CCT Aid. The series of CCT loans she received over the next several years helped Analyn rebuild her businesses. By 2007 she was back to using 50 sacks of flour a day. But even better, she came to have a personal relationship with the Lord Jesus Christ. She says, “A verse discussed in one of the first meetings I attended was Matthew 11:28, ‘Come to me all you who are weary and heavy laden and I will give you rest.’ I realized I’d forgotten all about God before this. I’d been through a lot of problems. The promise in the verse was exactly what I needed and I claimed it for myself.”

The Businesses at Present. Today, Analyn makes pizza Mondays to Fridays during the school months, selling an average of 450 pizzas every school day. The 10-inch pizzas are sold at P30.00 per box to canteen concessionaires in 20 Quezon City public schools where it is sold at P5.00 a piece. 


Analyn has carefully invested her loan money in bakery equipment and furnishings (a large freezer, oven, shelving, heavy duty mixer, slicer, dough roller, working table, office tables), and in a van.

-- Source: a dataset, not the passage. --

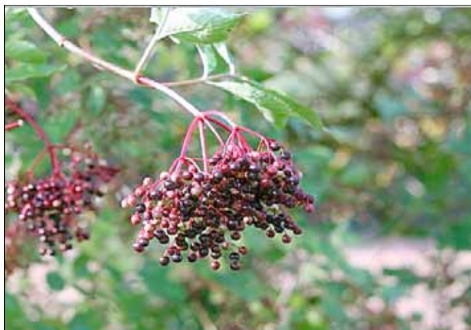
Holunderreife im Naturpark

Am Sonntag, 23. September, 10 bis 13 Uhr , führt der Naturpark Saar-Hunsrück eine Wanderung mit Praxisseminar „Gesundheit mit der Kraft des Holunders“ im Naturpark-Dorf Gisingen für Kinder und Erwachsene durch. Der Kräuterpädagoge Guido Geisen stellt die Powerpflanze für das Immunsystem vor. Die Germanen brachten zu Ehren der Göttin Holda oder Holla, wie im Märchen der Brüder Grimm Frau Holle, ihre Opfer unter dem Holunderbaum dar. In den Naturpark-Bauergärten finden wir heute noch oft den Holunderstrauch. Der Holunder ist ein bekanntes Volksheilmittel bei Erkältungen. Die Beeren können zu leckerem Saft verarbeitet werden. Der frische Saft wird empfohlen zur Heilung von Rheuma, Neuralgien und Ischias, der heiße Saft wird bei Erkältungskrankheiten eingesetzt. Die Rinde, Wurzel und Blätter wirken harntreibend. Der Referent gibt wichtige Tipps zur Ernte, Wirkungsweise und zur Botanik des Strauches. Im Anschluss an die Wanderung wird ein „Holunderlikör“ zubereitet. Als Ausrüstung werden festes Schuhwerk, witterungsangepasste Kleidung und ein Korb zum Sammeln empfohlen. Die Teilnahmegebühr beträgt 10 Euro pro Teilnehmer. Treffpunkt ist die Naturpark-Infostelle Haus Saargau in Wallerfangen-Gisingen. Eine frühzeitige Anmeldung wird bei der Geschäftsstelle des Naturparks Saar-Hunsrück in Hermeskeil, Telefon 06503/9214-0 empfohlen.

Growth. From 2007 to 2011 Analyn was part of a loan group when the size of her loans was P50,000 and below. When she started receiving Growth Enterprise Loans (loans of more than P50,000) she began attending life mentoring sessions as a mentee of Christian business man Carson Tan.

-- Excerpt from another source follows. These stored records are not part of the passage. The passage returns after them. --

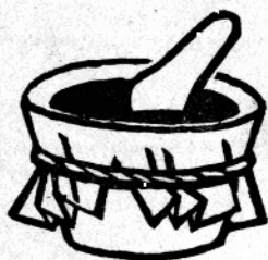
把锯木灰放在研碗上磨下来
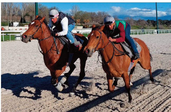
The Hint (Horcajada) y Cham's Pride.
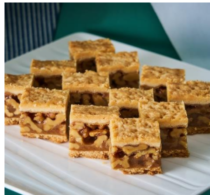
キャラメルナッツのケーキ(エンガーディナー)
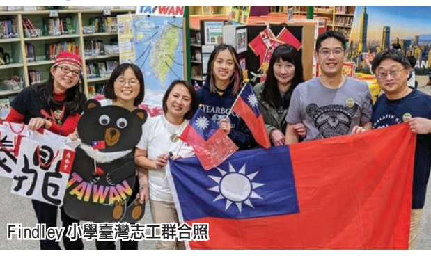
Findley小學臺灣志工群合照
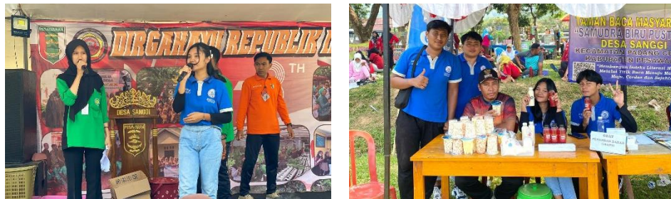
Gambar 2.3.18 Panitia Jalan Sehat, Dan Memperkenalkan Produk UMKM

Pada kegiatan ini sebagian mahasiswa PKPM menjadi panitia dan ada juga yang melakukan pemasaran Produk UMKM yang ada di Desa Sanggi, Khususnya Sirup Mangrove.

Aside from joining CCT’s mentoring program, Analyn makes the most of free training offered by other organizations as well. She learned the proper way to bake bread at a four-day seminar offered by the Quezon City government. She also attended seminars on how to make siopao and siomai and sold these items at one time. Along with about a hundred other micro entrepreneurs from all over the Philippines she attended the PinoyMe Convention in March 2013 upon recommendation of CCT. “I was very eager at that time to have my breads and pizza sold in supermarkets. One of the things I learned at the convention was that this requires a lot of documents and that it takes quite a long time to process and acquire these documents. If I attempted to have my products sold in supermarket and learned these things in the process, I might have been discouraged. I also learned that the proper way to respond to competition is through 
innovation,” she says

Life Changes. Running the businesses and being able to give her children something she didn’t receive from


her parents has given Analyn a profound sense of fulfilment. She shares that when she was just starting her businesses, her family lived in such cramped quarters that her children had to sleep under the table where she mixed the dough. 


Today they live in much better conditions and have enough to receive good education. Eldest daughter Ronalyn, 25, has a degree in computer engineering. Second daughter Carina, 23, will finish her business administration studies this school year. Son Rolando, 21 studied information technology, and the youngest
son who is still in grade school will be able to go to an excellent college or university when the time comes. Analyn's entire family attends one of CCT's community churches in Quezon City.  Someday soon she hopes to open a chain of bakeries in Masbate, to be able to provide jobs for her kababayan.